Table IDs are created with this prefix attached to the file names (minus the file extension) designated in the URL of the "Source data file group GCS URL" property.

[% format character addressable] [variable expansion addressable]

Schema settings

Designate schema for the destination tables.

All tables will share the same schema, so the data sent from files must also share the same schema. An error will occur if schema vary.

This property can be skipped when the source data files contain JSON format data.

*You can set schema directly as JSON by clicking the "Edit as JSON" link.

In cases of non-empty tables

Select which action to perform when the destination tables already contain data.

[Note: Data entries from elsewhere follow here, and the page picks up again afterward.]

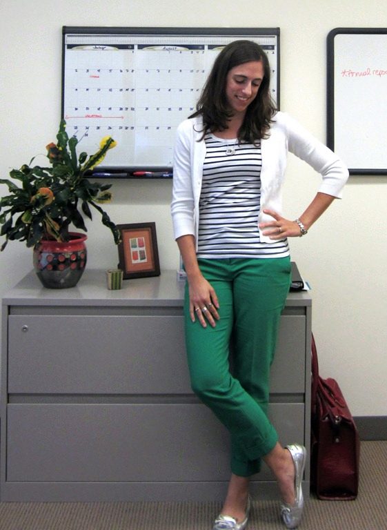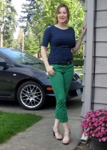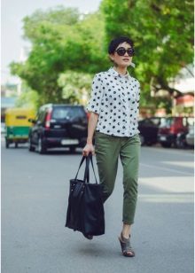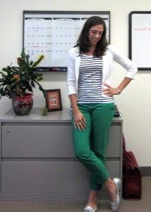 Depending on your chosen shade, you can use green trousers in classic bows or casual style. They are perfectly combined with a beige, black or white top. If such a tandem seems too boring to you, add bright accessories. For example, yellow, red or blue.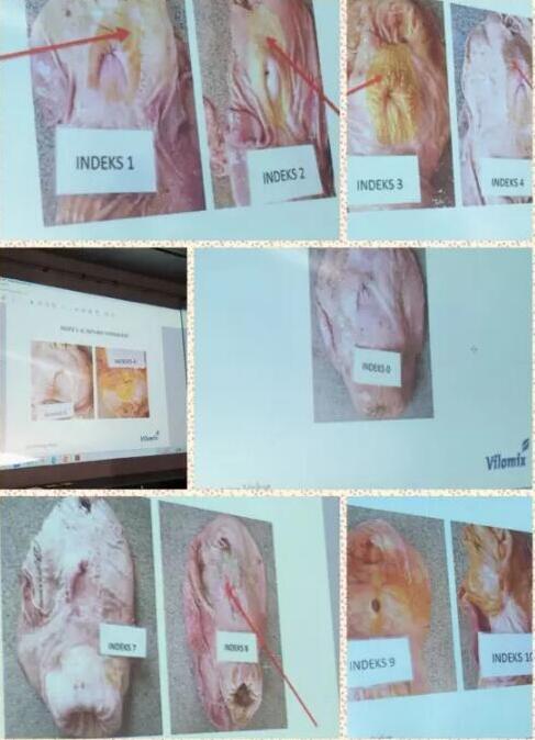 3、重视胃的健康:建议合理调整饲料粉碎粒度:粒度<1mm 不高于20%,粒度1-2mm<30%,粒度大于>2mm应该在50%以上。通过胃幽门处的病变程度看胃是否建康,他们PSY达35以上的胃均是十分健康,评分在0-1之间(见图)。重视纤维营养,建议用粉料,蛋白偏高对胃的健康也不利。若用颗粒料时,胃的受损加剧,从7.9%提高到23.2%;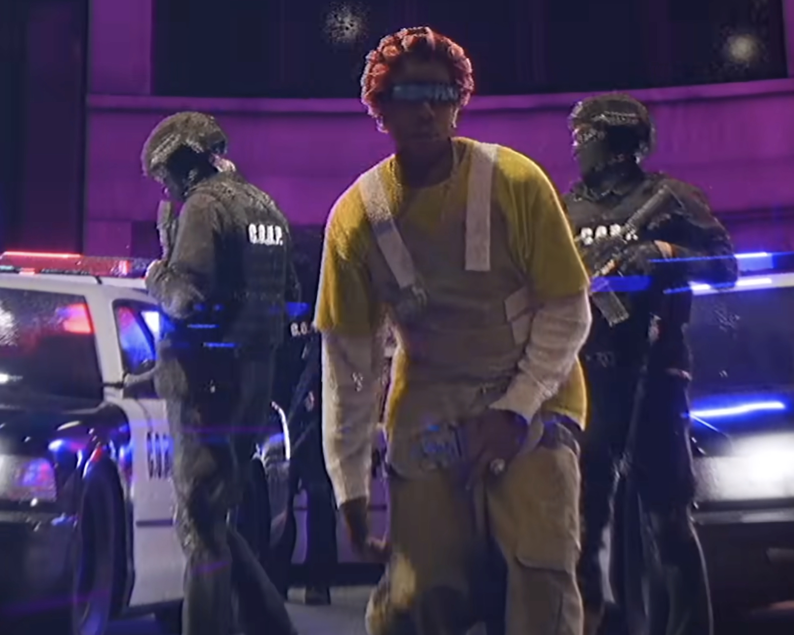Just outside of the “headquarters,” it gets even more chaotic as an actual drone (as opposed to a helicopter that doubles as a drone), red laser and all, whooshes through the scene like the most hostile insect ever, only for Rocky to “swat” it away with his baseball bat before the next abrupt cut. To be sure, the jarring cuts and camera movements are paramount to maintaining an anxiety-inducing level of chaoticness throughout the video, complete with A$AP riding by in a mini pink car (serving a Barbie Corvette, Power Wheels edition vibe) as he raps, “I ride around in the all-pink Mercedes, the pussy whip” (not to be confused with a Pussy Wagon). Rocky then slips by a number of dressed-in-all-black federal agent types (clearly meant to look like S.W.A.T. and ICE) with a uniform logo that reads “C.O.R.P.” on the back. As he weaves through the streets in his “pussy whip,” these agents are also shown dragging people out onto the sidewalk, pissing on a lamppost and generally oppressing.

  • Append: Appends new data to the table.
  • Overwrite: Overwrites the table with the new data.
  • Error: An error occurs if the table is not empty.
BLOCK memos Make notes about this BLOCK.
Reattempts in case of errors Configure the number of attempts to try in case of a request error.
Minimum timeout interval Set the number of seconds to wait for results. If results are not returned during this interval, the time will be doubled for each reattempt until the time set in the “Maximum timeout interval” property is reached.
Maximum timeout interval Indicate the maximum number of seconds to wait for results. The timeout interval will start with the value set in the "Minimum timeout interval" property and double with each reattempt until reaching the value set here.
File format

Choose a file format from those in GCS. Permissible formats are as follow.

  • CSV
  • NEWLINE_DELIMITED_JSON
  • DATASTORE_BACKUP
CSV delimiter character

Select the delimiter character used for CSV files.

  • Comma
  • Tab
  • Pipe
  • Other

If you choose "Other", specify a delimiter character in the accompanying field.

Number of skipped rows Configure the number of lead rows to skip for CSV files.
Permit rows with insufficient fields Select whether or not to permit rows with insufficient fields for CSV files.
Designate quotation marks Designate the character used for quotation marks for CSV files.
Allow line breaks within quoted fields Select whether or not allow quoted fields to contain line breaks.
Max number of bad rows Configure how many bad rows to allow before resulting in an error.
Ignore extra fields Select whether or not to ignore excess fields.
Trigger file URL

Designate a URL that BLOCKS will use to check if a file has been saved before starting the data transfer. If left blank, the data transfer will start without checking if a file has been saved.

[% format character addressable] [variable expansion addressable]

File check attempts Configure the maximum number or times to check if a file has been saved to the trigger file URL.
Time between checks Configure how many seconds to wait between checks on whether a file has been saved to the trigger file url.